DICE-BENCH: Evaluating Tool-Use in Multi-Party Dialogues

Abstract

Existing function-calling benchmarks focus on single-turn interactions and overlook the complexity of real-world scenarios. To quantify how existing benchmarks address practical applications, we introduce DICE-SCORE, a metric that evaluates the dispersion of tool-related information such as function name and parameter values throughout the dialogue.

Analyzing existing benchmarks through DICE-SCORE reveals notably low scores, highlighting the need for more realistic scenarios. To address this gap, we present DICE-BENCH, a framework that constructs practical function-calling datasets by synthesizing conversations through a tool graph that maintains dependencies across rounds and a multi-agent system with distinct personas to enhance dialogue naturalness.

The final dataset comprises 1,607 high-DICE-SCORE instances. Our experiments on 19 LLMs with DICE-BENCH show that significant advances are still required before such models can be deployed effectively in real-world settings. Even GPT-4o achieves only 64% exact match accuracy on average, with performance degrading as the number of rounds or participants increases.

Data Generation Pipeline

DICE-BENCH employs a three-stage pipeline: (1) Tool Graph Construction to model inter-tool dependencies, (2) Scenario Configuration to set dialogue parameters and personas, and (3) Dialogue Simulation using multi-agent systems to generate realistic conversations.

DICE-SCORE Metric

DICE-SCORE quantifies how challenging it is to perform a function call by measuring the dispersion of tool-related information across dialogue turns. Higher scores indicate greater difficulty as critical information becomes more scattered.

$$\text{DICE}(S,T)=\frac{\min(|S_{\neq 0}|,T)\cdot\sqrt{|S|\cdot T}}{\sum_{i\in S}\ln\left(1+\alpha S_i\right)}$$

Our experiments show a strong correlation (r ≈ -0.984) between DICE-SCORE and human performance on the task, validating its effectiveness as a difficulty metric.

Rigorous Validation Pipeline

We employ a comprehensive three-stage filtering process to ensure high-quality data:

Stage 1: Automatic Evaluation

Using G-Eval with GPT-4o to assess six criteria: Coherence, Consistency, Fluency, Human-likeness, Persona Consistency, and Relevance. Dialogues scoring below 4.0 average are removed.

Stage 2: Rule-Based Filtering

Removing dialogues with GPT refusals or lacking explicit AI/Assistant addressing.

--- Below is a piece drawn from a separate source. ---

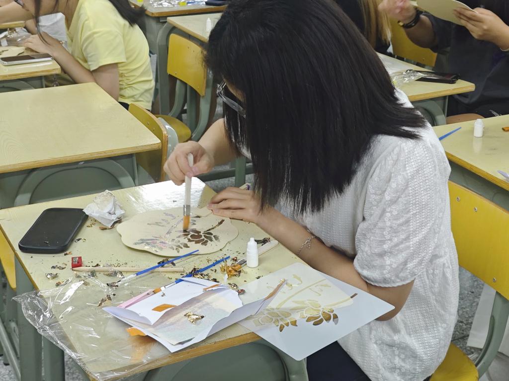 贴箔画艺术承载着千年金箔工艺的文化基因,将独特的非遗底蕴与现代审美相融合,展现出与时俱进的创新活力。此次活动以贴箔画创作为核心,不仅为参与者提供了培养艺术鉴赏力与动手实践能力的平台,还为校园美育建设注入新活力。

Authors manually review ambiguous cases.

Stage 3: Human Validation

Expert evaluation across 15 sub-criteria covering Conversation Quality, Functional Integration, and Real-World Applicability. Only dialogues scoring 10+/15 are retained.

This rigorous process filtered out 193 dialogues from the initial 1,800, resulting in 1,607 high-quality instances.

Dataset Format

The JSON below illustrates one dialogue instance of One-Round-Two-Party scenario in DICE-BENCH.

{
 "diag_id": 1,
 "metadata": {
   "diag_id": 1,
   "user_personas": {
     "agent_a": "Marketing specialist with optimistic personality",
     "agent_b": "Skeptical engineer who prefers concise answers"
   },
   "functions": ["find_restaurant", "book_hotel", ...],
   "params_ret_val": [
     {
       "function": "find_restaurant",
       "parameters": {
         "location": "San Francisco",
         "cuisine": "Thai"
       },
       "domain": "Inquiry_and_Information_Seeking",
       "return_value": {
         "restaurant_name": "Thai Palace"
       },
       "returned_nl": "I found a great Thai place called Thai Palace in San Francisco!"
     }
   ],
   "category": "Inquiry_and_Information_Seeking",
   "task": "multi_round",
   "round_num": 2,
   "agent_num": 2
 },
 "conversation": [
   {"role": "user", "content": "Any good Thai food nearby?"},
   {"role": "assistant", "content": "Sure, let me look that up for you."},
   ...
 ]
}

See the dataset card for the complete schema description.

BibTeX

@misc{jang2025dicebenchevaluatingtoolusecapabilities,
  title={DICE-BENCH: Evaluating the Tool-Use Capabilities of Large Language Models in Multi-Round, Multi-Party Dialogues},
  author={Kyochul Jang and Donghyeon Lee and Kyusik Kim and Dongseok Heo and Taewhoo Lee and Woojeong Kim and Bongwon Suh},
  year={2025},
  eprint={2506.22853},
  archivePrefix={arXiv},
  primaryClass={cs.CL},
  url={https://arxiv.org/abs/2506.22853},
}

DICE-BENCH: Evaluating the Tool-Use Capabilities of Large Language Models in Multi-Round, Multi-Party Dialogues

DICE-BENCH is the first benchmark to evaluate LLMs' ability to use tools in realistic multi-round, multi-party group chat scenarios where function-related information is dispersed across multiple speakers.